Regeling vervallen per 18-01-2014

Verordening Nadeelcompensatie Verkeers- en Vervoersvoorzieningen provincie Fryslân

Geldend van 13-02-2010 t/m 17-01-2014

Intitulé

Verordening Nadeelcompensatie Verkeers- en Vervoersvoorzieningen provincie Fryslân

Verordening van 16 december 2009, houdende bepalingen inzake een verzoek tot vergoeding van schade die voortvloeit uit de toepassing van een bevoegdheid of de uitoefening van een taak betreffende het in stand houden of wijzigen van het stelsel van verkeers- en vervoersvoorzieningen (Verordening Nadeelcompensatie Verkeers- en Vervoersvoorzieningen provincie Fryslân)

HOOFDSTUK 1 Algemene bepalingen

Artikel 1 Begripsomschrijvingen

In deze verordening wordt verstaan onder:

  • a.

    onafhankelijke deskundige: de deskundige zoals bedoeld in artikel 16, eerste lid;

  • b.

    verzoek: een verzoek om schadevergoeding als bedoeld in artikel 13, dan wel artikel 21;

  • c.

    verzoeker: de indiener van een verzoek als bedoeld in artikel 13, dan wel artikel 21;

  • d.

    schade: schade als gevolg van een schadeoorzaak als bedoeld in artikel 2.

Artikel 2 Reikwijdte

De verordening is van toepassing op verzoeken strekkende tot vergoeding van schade, voortvloeiend uit de rechtmatige uitoefening door de provincie Fryslân of een van haar bestuursorganen van een aan het publiekrecht ontleende bevoegdheid of taak, betreffende het in stand houden of wijzigen van het stelsel van verkeers- en vervoersvoorzieningen.

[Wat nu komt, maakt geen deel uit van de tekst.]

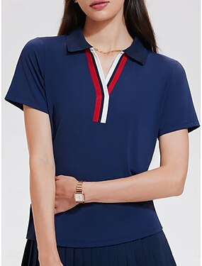 Femmes Couleur Unie T-shirt athlétique T-shirt de tennis Polos de tennis Débardeurs Manche Courte Séchage Rapide Mince Respirant Tennis Pickleball Course Col Polo T-shirt bleu marine Vêtements de

Artikel 3 Recht op schadevergoeding

  • 1.

    Gedeputeerde Staten kennen degene die, als gevolg van de in artikel 2 bedoelde bevoegdheden en taken, schade lijdt of zal lijden, op verzoek een vergoeding toe, voor zover deze schade redelijkerwijze niet of niet geheel te zijnen laste behoort te blijven en voor zover de vergoeding niet of niet voldoende anderszins is verzekerd.

  • 2.

    De vergoeding wordt bepaald in een geldsom. Gedeputeerde Staten kunnen een vergoeding toekennen in een andere vorm dan betaling van een geldsom.

Artikel 4 Normaal risico

Schade die valt binnen het normaal maatschappelijk risico of het normaal ondernemersrisico komt niet voor vergoeding in aanmerking.

Artikel 5 Speciale last

Schade als gevolg van een schadeoorzaak als bedoeld in artikel 2, komt alleen voor vergoeding in aanmerking wanneer deze in belangrijke mate afwijkt van de schade die dientengevolge op een ieder drukt, dan wel wanneer deze schade op een naar verhouding gering aantal natuurlijke of rechtspersonen die in vergelijkbare positie verkeren drukt.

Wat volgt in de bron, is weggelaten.